What is COBRA?
In a nutshell, COBRA is the law that provides a continuation of medical benefits in the event a person becomes ineligible for his/her company sponsored insurance.
How does an person become eligible for COBRA?
To be eligible for COBRA you must have been enrolled in your employer’s health plan and the health plan must continue to be in effect for active employees. COBRA continuation overage is available upon the occurrence of a qualifying event that would cause an individual to lose his or her health care coverage such as a reduction in hours worked or loss of employment.
What health plans are subject to COBRA?
COBRA covers health plans maintained by private-sector employers, employee organizations, or local or state governments with 20 or more employees.
Are there penalties to be aware of?
Employers are responsible to ensure employees are aware of COBRA. Failure to comply with all aspects of the COBRA law can have legal ramifications, as well as financial penalties. The IRS can fine $100 per day per beneficiary for noncompliance.
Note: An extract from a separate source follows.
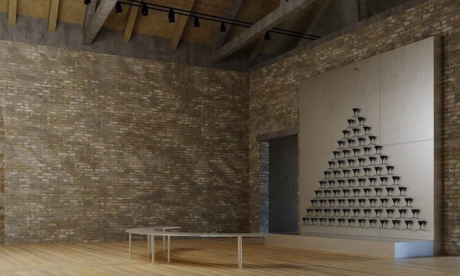 הצוות של הביתן האוקראיני, לעומת זאת, נכנס מיד לפעולה. אחת האוצרות של הביתן העמיסה את החלקים של היצירה המרכזית של האמן פבלו מקוב על הרכב שלה, יחד עם בן זוגה והכלב. הם יצאו למסע מלא תלאות שנמשך שלושה שבועות, ובסופו הם הגיעו לוונציה. היצירה, מזרקת התשישות, הוקמה בעזרתם של צוותים מקומיים. היצירה נקראת "מעיין התשישות” והיא כוללת 78 משפכי ברונזה,. היצירה מאורגנת בצורת משולש, שדרכו מים מטפטפים ובכל שלב הזרם הופף חלש יותר עד שהוא הופך בסוף לטפטוף. הכוונה היא מטאפורה ל"תשישות האנושות ומיצוי הדמוקרטיה.

What process must an individual follow to elect COBRA?
Employees must notify their plan administrator of a qualifying event within 30 days after an employee’s death, termination, reduction in hours worked, employment or entitlement to Medicare.
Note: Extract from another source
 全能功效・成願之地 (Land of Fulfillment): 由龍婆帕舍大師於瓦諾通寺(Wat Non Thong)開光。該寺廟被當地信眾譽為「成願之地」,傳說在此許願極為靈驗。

A qualified beneficiary must notify the plan administrator of a qualifying event within 60 days after divorce, legal separation, or a child ceasing to be covered as a dependent under plan rules. Plan participants and beneficiaries generally must be sent an election notice no later than 14 days after the plan administrator receives notice that a qualifying event has occurred. The individual then has 60 days to decide whether to elect COBRA continuation coverage. The person has 45 days after electing coverage to pay the initial premium.
When does COBRA begin?
COBRA coverage begins on the date that health care coverage ends by reason of a qualifying event.
What is the Federal Government’s role in COBRA?
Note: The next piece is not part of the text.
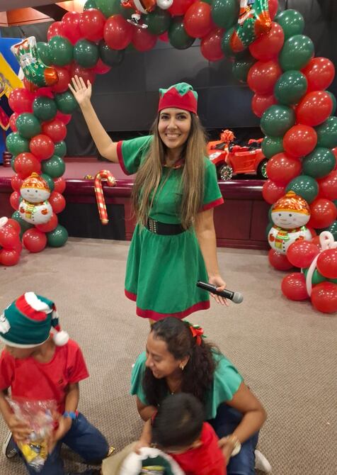 Con un vestido verde con filo rojo, un gorro largo y sus zapatos verdes en punta hacia arriba y con cascabeles. Así sale Katiuska Andrade a animar a cientos de niños en estas fiestas de Navidad que se realizan en el Puerto Principal.

COBRA continuation coverage laws are administered by several agencies. The Departments of Labor and Treasury have jurisdiction over private-sector group health plans. The Department of Health and Human Services administers the continuation coverage law as it affects public-sector health plans. The Internal Revenue Service, Department of the Treasury, has issued regulations on COBRA provisions relating to eligibility, coverage and premiums in 26 CFR Part 54, Continuation Coverage Requirements Applicable to Group Health Plans. Both the Departments of Labor and Treasury share jurisdiction for enforcement of these provisions.